A Pena de Morte na Indonésia: uma discussão sobre direitos humanos

Bruna de Castro Prates Renault

Bruna Moreira Silva Coelho

Resumo

No início do ano de 2015, as redes sociais brasileiras divulgaram relatos da mídia sobre a execução de Marco Archer Cardoso Moreira na Indonésia. Com esse caso, ressurgiu um debate que gerou polêmica acerca da pena de morte e sua aplicação. Este artigo pretende analisar os casos dos dois brasileiros condenados à pena de morte por tráfico de drogas na Indonésia – Marco Moreira e Rodrigo Gularte – e discutir as diversas tentativas dos defensores dos direitos humanos de questionar a sua aplicação.

Introdução

No dia 17 de Janeiro de 2015, Marco Archer Cardoso Moreira foi executado na Indonésia, sendo o primeiro brasileiro a ser executado fora do território nacional. Em 2003, ele foi preso em flagrante no aeroporto de Jacarta[i], após a descoberta de 13,4 quilos de cocaína transportados por ele nos tubos de uma asa-delta. Alguns dias antes da execução do réu, a presidente Dilma Rousseff fez um apelo por clemência ao presidente da Indonésia, Joko Widodo, que o negou. Dilma disse que, apesar de respeitar a soberania e o sistema jurídico do país, buscava o perdão por razões humanitárias[ii]. Widodo respondeu que embora entendesse o ponto de vista da presidente, não interferiria na decisão, uma vez que a sentença era fruto de todo um processo jurídico. O ocorrido, segundo a presidente brasileira, pode criar certa tensão na relação bilateral entre os dois países (NASAW, 2014).

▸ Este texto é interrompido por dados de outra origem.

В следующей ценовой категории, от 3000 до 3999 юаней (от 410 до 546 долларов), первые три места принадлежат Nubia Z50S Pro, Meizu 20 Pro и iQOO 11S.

Além de Archer, em fevereiro de 2005, o brasileiro Rodrigo Gularte foi condenado à pena de morte pelo Tribunal Distrital de Tangerang, na Indonésia, também por tráfico de drogas. Ele foi preso em julho de 2004 no aeroporto Cengkareng, na província de Banten, quando foi flagrado com seis quilos de cocaína escondidos em pranchas de surf ao tentar entrar no país (AÇÃO URGENTE: SEIS…, 2015). Enquanto o réu aguardava no corredor da morte da Indonésia, em fevereiro desse ano, a embaixada do Brasil solicitou sua hospitalização ao diagnosticá-lo com esquizofrenia[iii]. De acordo com sua prima, Angelita Muxfeldt, o brasileiro criou um mundo paralelo em que se recusa a entender sua realidade, negando inclusive o conhecimento de sua execução. Esse diagnóstico adia o processo de aplicação da pena, pois segundo a lei da Indonésia, a pena de morte é suspensa à pessoas que não estejam em plenas condições mentais (BACHEGA, 2015).

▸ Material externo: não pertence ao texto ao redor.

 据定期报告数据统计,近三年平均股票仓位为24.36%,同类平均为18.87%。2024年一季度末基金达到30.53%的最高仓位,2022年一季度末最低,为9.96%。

Os casos dos brasileiros Marco Archer e Rodrigo Gularte – dentre outros estrangeiros condenados à pena de morte – trazem à tona a discussão acerca dessa punição. Surge, então, um debate no campo dos direitos humanos questionando a efetividade e legalidade dessa condenação, que é considerada por alguns como um método de tortura. Grupos de defensores dos direitos humanos, como a Anistia Internacional, têm solicitado a abolição da pena de morte em vários países, entre eles a Indonésia.

A pena de morte na Indonésia

A execução do brasileiro Marco Archer e de outros cinco presos – sendo eles um malauiano, um nigeriano, um vietnamita, um holandês e até um indonésio – no início deste ano, marcou na Indonésia o fim de um período de quatro anos sem a aplicação da pena de morte. A partir da eleição de Widodo, foi criada uma política inflexível de combate às drogas, política essa que pode ter consequências na imagem do país. O Brasil e a Holanda manifestaram-se diante das execuções e afirmaram que a postura da Indonésia afetaria as relações bilaterais entre os países (VASWANI, 2015).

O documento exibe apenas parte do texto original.